INFORMATION SHOWN
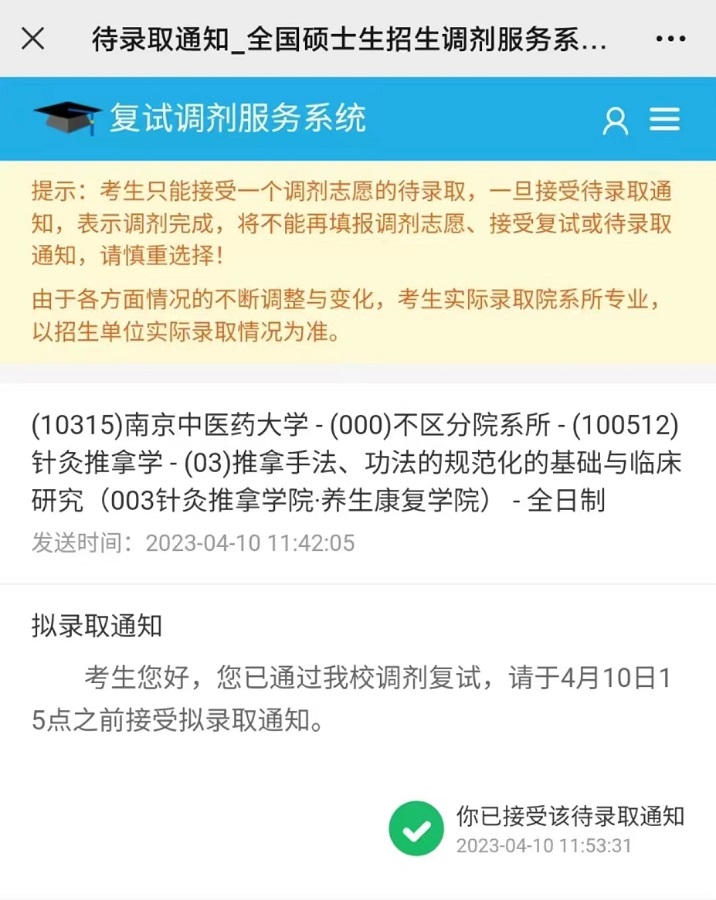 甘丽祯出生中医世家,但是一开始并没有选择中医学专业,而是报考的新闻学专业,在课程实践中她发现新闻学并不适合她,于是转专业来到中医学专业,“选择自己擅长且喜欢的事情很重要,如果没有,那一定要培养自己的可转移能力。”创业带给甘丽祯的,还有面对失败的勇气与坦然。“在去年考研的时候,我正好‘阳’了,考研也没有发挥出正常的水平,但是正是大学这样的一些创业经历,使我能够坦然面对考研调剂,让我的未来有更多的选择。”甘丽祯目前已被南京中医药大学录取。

---

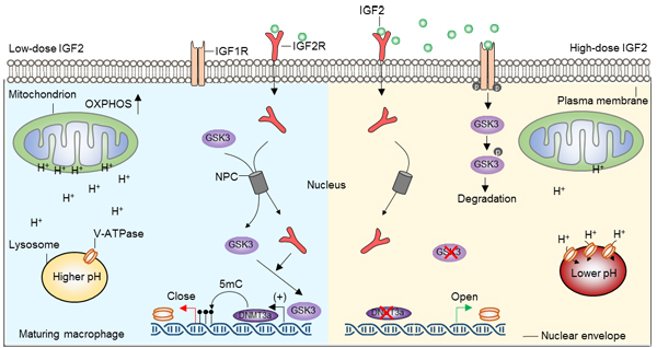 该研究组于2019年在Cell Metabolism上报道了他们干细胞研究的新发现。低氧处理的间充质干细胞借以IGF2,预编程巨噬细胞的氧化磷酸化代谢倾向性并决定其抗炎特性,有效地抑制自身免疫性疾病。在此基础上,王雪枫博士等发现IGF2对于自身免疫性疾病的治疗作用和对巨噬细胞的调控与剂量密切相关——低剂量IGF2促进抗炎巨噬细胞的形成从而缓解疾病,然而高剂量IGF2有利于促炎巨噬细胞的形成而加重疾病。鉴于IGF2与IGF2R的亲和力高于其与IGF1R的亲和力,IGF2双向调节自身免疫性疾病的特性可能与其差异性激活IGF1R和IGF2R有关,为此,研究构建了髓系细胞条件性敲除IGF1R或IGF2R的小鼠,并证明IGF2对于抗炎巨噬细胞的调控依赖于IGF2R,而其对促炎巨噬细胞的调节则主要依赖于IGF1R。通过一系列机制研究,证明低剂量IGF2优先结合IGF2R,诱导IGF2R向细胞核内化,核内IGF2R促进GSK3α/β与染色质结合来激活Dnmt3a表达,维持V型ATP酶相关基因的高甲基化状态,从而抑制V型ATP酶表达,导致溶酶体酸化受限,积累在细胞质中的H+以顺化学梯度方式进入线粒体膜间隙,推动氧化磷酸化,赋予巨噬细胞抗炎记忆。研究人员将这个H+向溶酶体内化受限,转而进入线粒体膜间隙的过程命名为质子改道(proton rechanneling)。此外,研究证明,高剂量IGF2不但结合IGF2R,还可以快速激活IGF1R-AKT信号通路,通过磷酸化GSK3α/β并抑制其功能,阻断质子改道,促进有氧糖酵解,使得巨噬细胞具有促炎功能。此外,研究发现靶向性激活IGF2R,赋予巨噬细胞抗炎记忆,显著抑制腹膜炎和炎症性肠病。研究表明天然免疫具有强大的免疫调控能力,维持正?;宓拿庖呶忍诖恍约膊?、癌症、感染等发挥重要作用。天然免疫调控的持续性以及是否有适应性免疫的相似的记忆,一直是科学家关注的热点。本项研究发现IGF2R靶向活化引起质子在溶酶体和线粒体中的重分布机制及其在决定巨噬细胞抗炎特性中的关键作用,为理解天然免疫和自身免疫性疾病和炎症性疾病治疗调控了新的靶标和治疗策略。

--

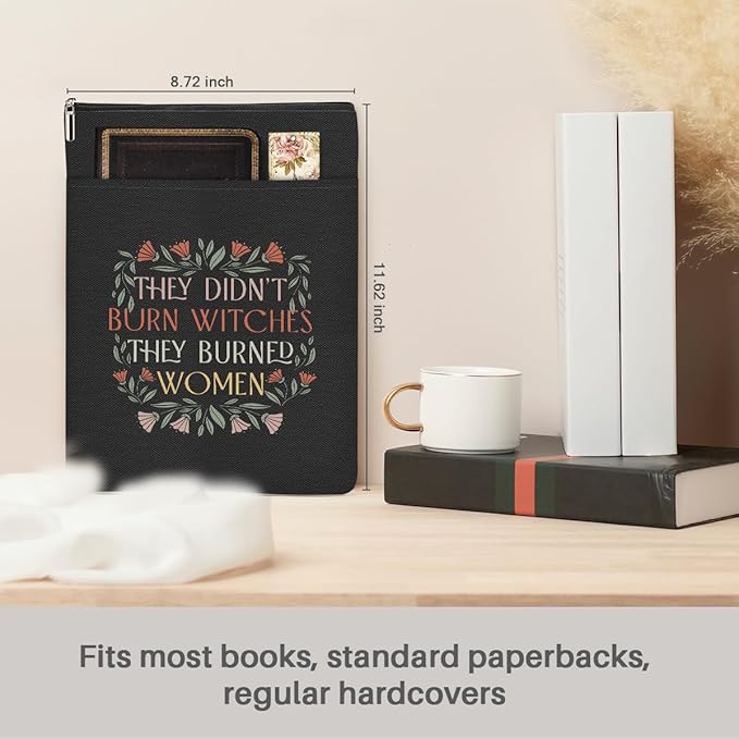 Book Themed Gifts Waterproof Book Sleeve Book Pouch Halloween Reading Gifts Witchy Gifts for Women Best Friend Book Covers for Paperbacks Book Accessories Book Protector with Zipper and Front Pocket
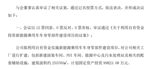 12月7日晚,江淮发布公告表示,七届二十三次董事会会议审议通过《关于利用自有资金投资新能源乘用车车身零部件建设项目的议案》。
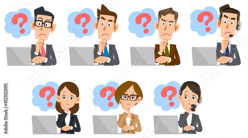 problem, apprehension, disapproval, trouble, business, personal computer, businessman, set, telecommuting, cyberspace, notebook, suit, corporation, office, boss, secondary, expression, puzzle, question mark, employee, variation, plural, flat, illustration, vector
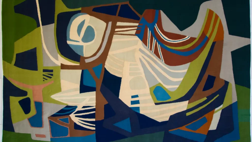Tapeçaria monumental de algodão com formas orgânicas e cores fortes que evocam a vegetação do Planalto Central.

WHAT IS EXPECTED
Return word for word the lines of the listing above, starting at the line with "Book Themed Gifts" and ending at the line with "problem, apprehension, disapproval, trouble, business, personal", both included. Pictures do not belong in the copy.

OUTPUT OF THE EXERCISE
 Book Themed Gifts Waterproof Book Sleeve Book Pouch Halloween Reading Gifts Witchy Gifts for Women Best Friend Book Covers for Paperbacks Book Accessories Book Protector with Zipper and Front Pocket
 12月7日晚,江淮发布公告表示,七届二十三次董事会会议审议通过《关于利用自有资金投资新能源乘用车车身零部件建设项目的议案》。
 problem, apprehension, disapproval, trouble, business, personal computer, businessman, set, telecommuting, cyberspace, notebook, suit, corporation, office, boss, secondary, expression, puzzle, question mark, employee, variation, plural, flat, illustration, vector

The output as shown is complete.